→ Exercise requirements: Return all of the entries exactly, but do not include the pictures.

→ Source data:
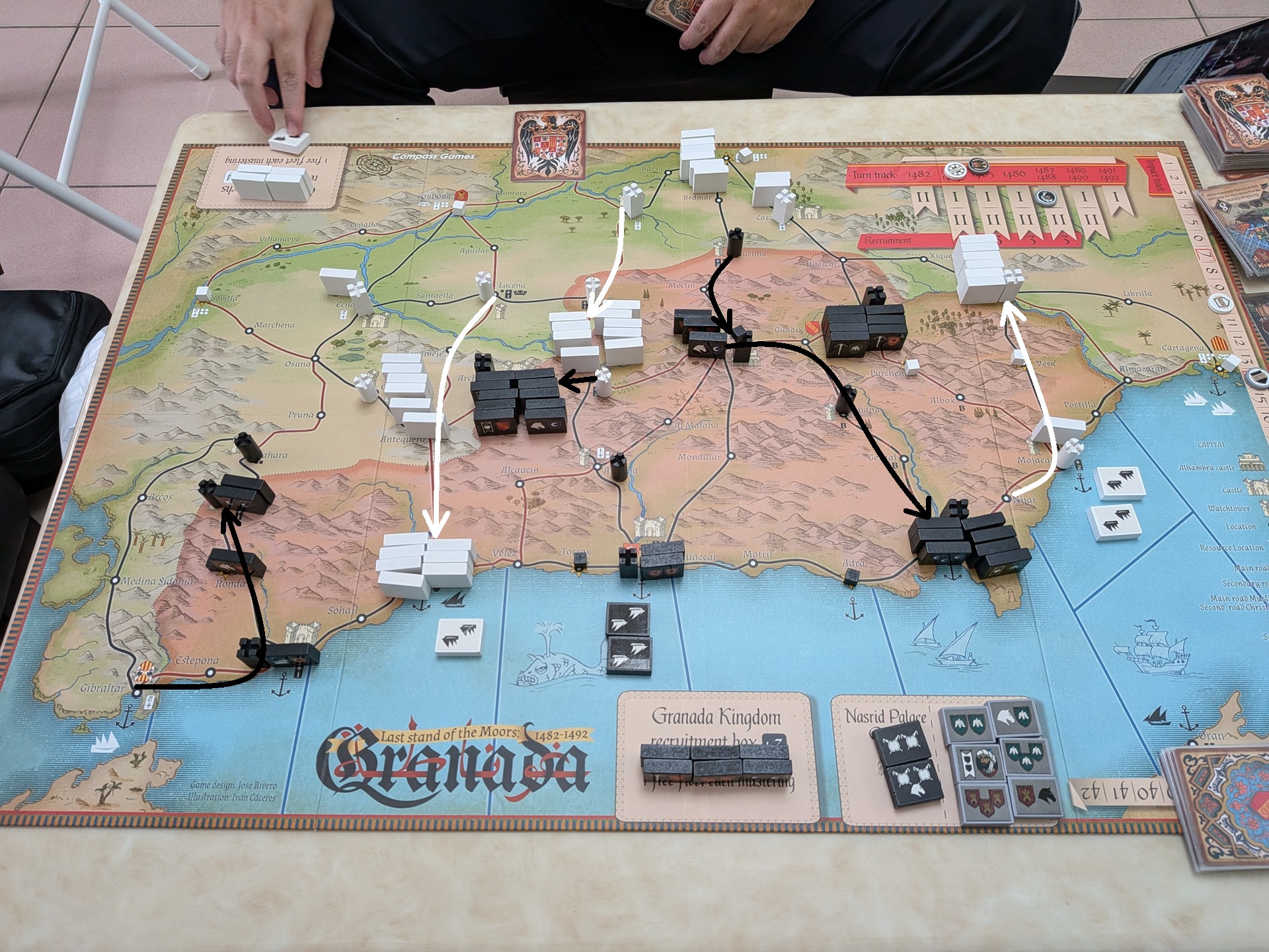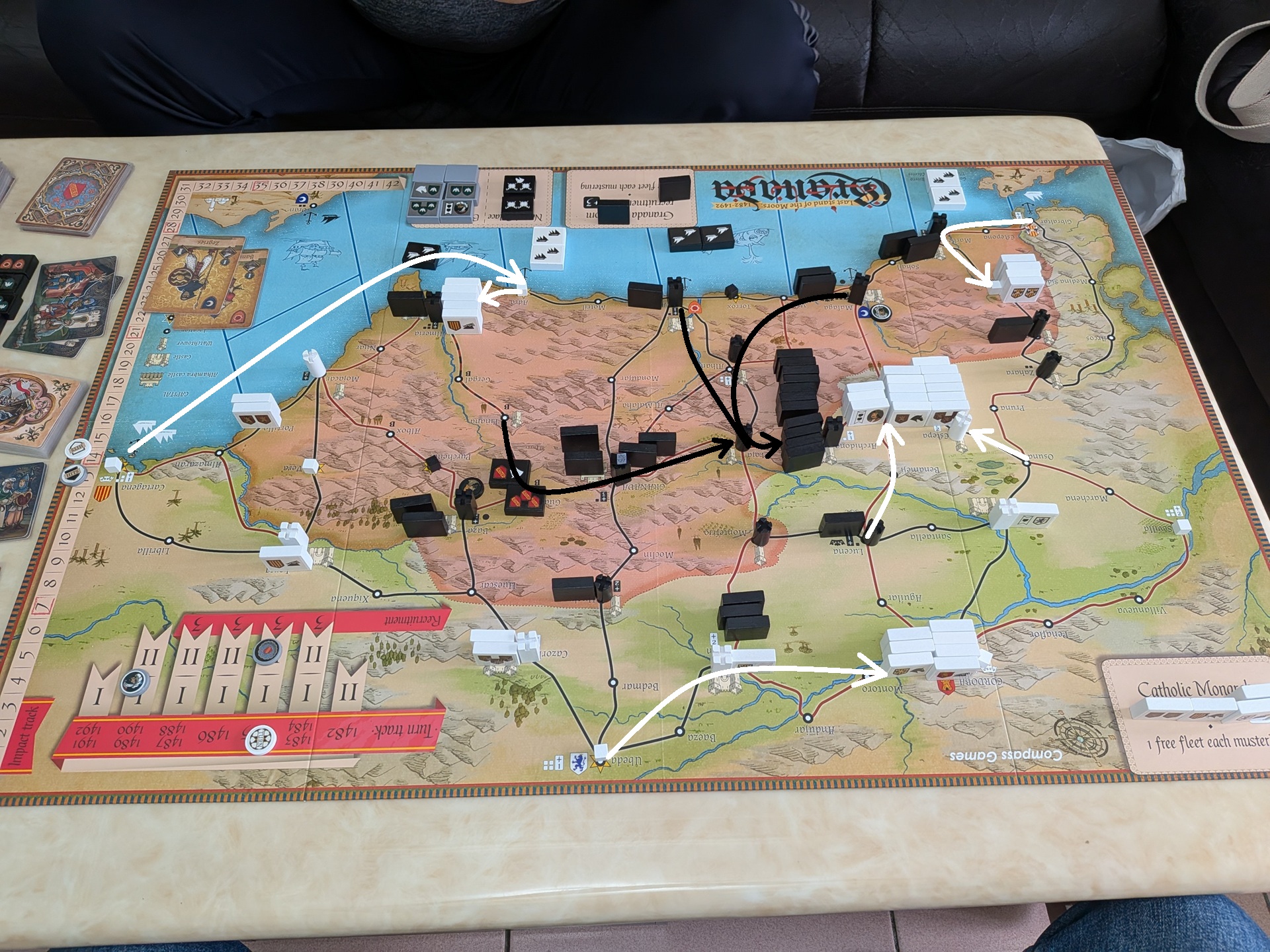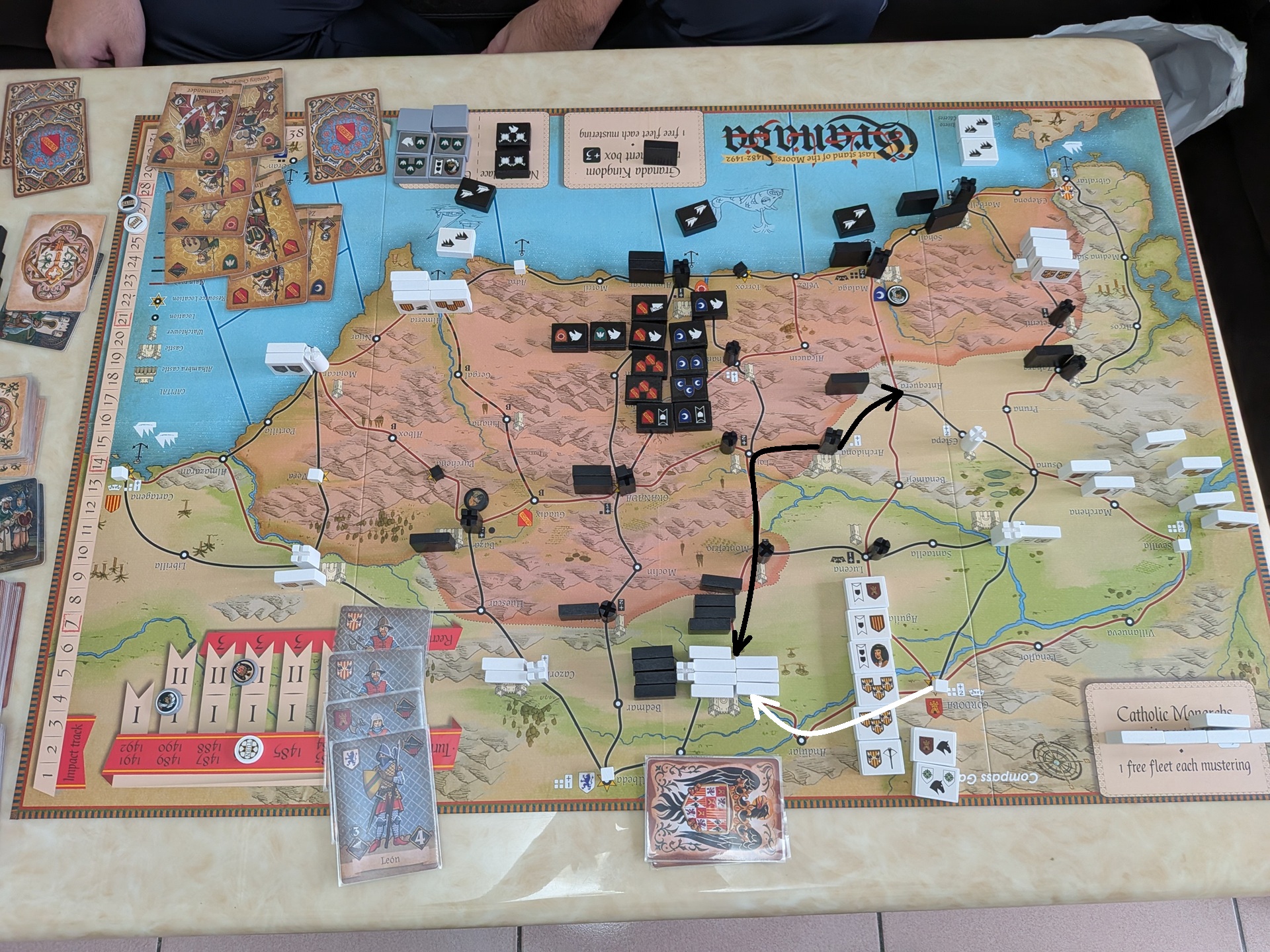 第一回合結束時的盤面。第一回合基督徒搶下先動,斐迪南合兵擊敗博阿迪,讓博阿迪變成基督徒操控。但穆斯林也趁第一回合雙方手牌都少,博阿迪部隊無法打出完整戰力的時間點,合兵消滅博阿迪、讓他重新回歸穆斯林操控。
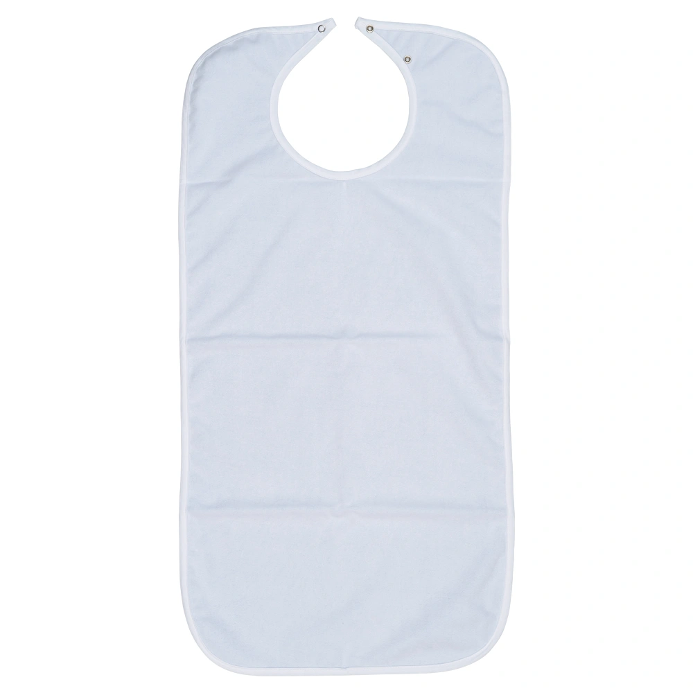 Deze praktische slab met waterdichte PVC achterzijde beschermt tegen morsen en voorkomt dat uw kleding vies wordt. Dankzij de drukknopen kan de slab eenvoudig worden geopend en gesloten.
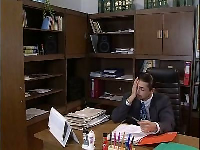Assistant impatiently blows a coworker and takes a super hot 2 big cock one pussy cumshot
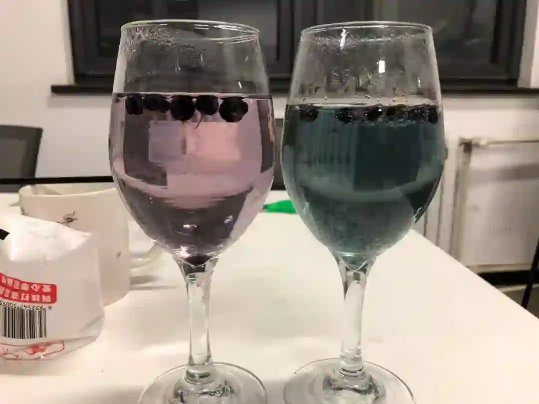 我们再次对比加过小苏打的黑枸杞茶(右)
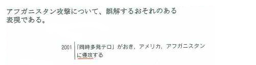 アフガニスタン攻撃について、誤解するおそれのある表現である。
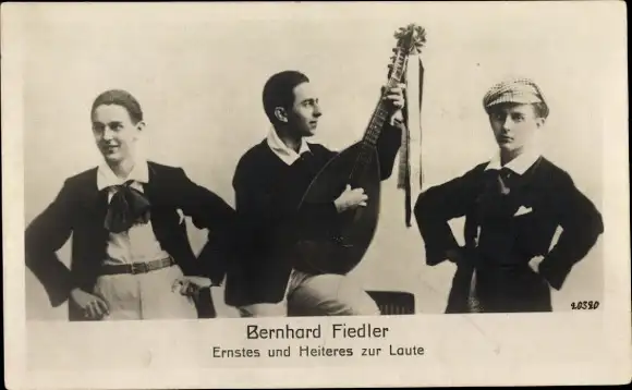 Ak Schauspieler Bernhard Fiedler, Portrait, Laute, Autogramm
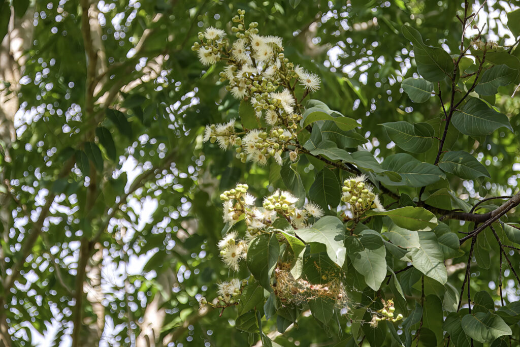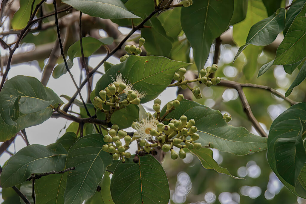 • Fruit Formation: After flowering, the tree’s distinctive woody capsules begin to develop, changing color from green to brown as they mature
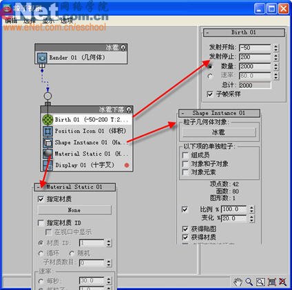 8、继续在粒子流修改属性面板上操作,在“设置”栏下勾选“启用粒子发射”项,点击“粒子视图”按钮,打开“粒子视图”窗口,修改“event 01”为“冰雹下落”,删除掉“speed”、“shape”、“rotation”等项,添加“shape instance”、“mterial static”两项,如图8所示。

→ Solution for this task:
 第一回合結束時的盤面。第一回合基督徒搶下先動,斐迪南合兵擊敗博阿迪,讓博阿迪變成基督徒操控。但穆斯林也趁第一回合雙方手牌都少,博阿迪部隊無法打出完整戰力的時間點,合兵消滅博阿迪、讓他重新回歸穆斯林操控。
 Deze praktische slab met waterdichte PVC achterzijde beschermt tegen morsen en voorkomt dat uw kleding vies wordt. Dankzij de drukknopen kan de slab eenvoudig worden geopend en gesloten.
Assistant impatiently blows a coworker and takes a super hot 2 big cock one pussy cumshot
 我们再次对比加过小苏打的黑枸杞茶(右)
 アフガニスタン攻撃について、誤解するおそれのある表現である。
 Ak Schauspieler Bernhard Fiedler, Portrait, Laute, Autogramm
 • Fruit Formation: After flowering, the tree’s distinctive woody capsules begin to develop, changing color from green to brown as they mature
 8、继续在粒子流修改属性面板上操作,在“设置”栏下勾选“启用粒子发射”项,点击“粒子视图”按钮,打开“粒子视图”窗口,修改“event 01”为“冰雹下落”,删除掉“speed”、“shape”、“rotation”等项,添加“shape instance”、“mterial static”两项,如图8所示。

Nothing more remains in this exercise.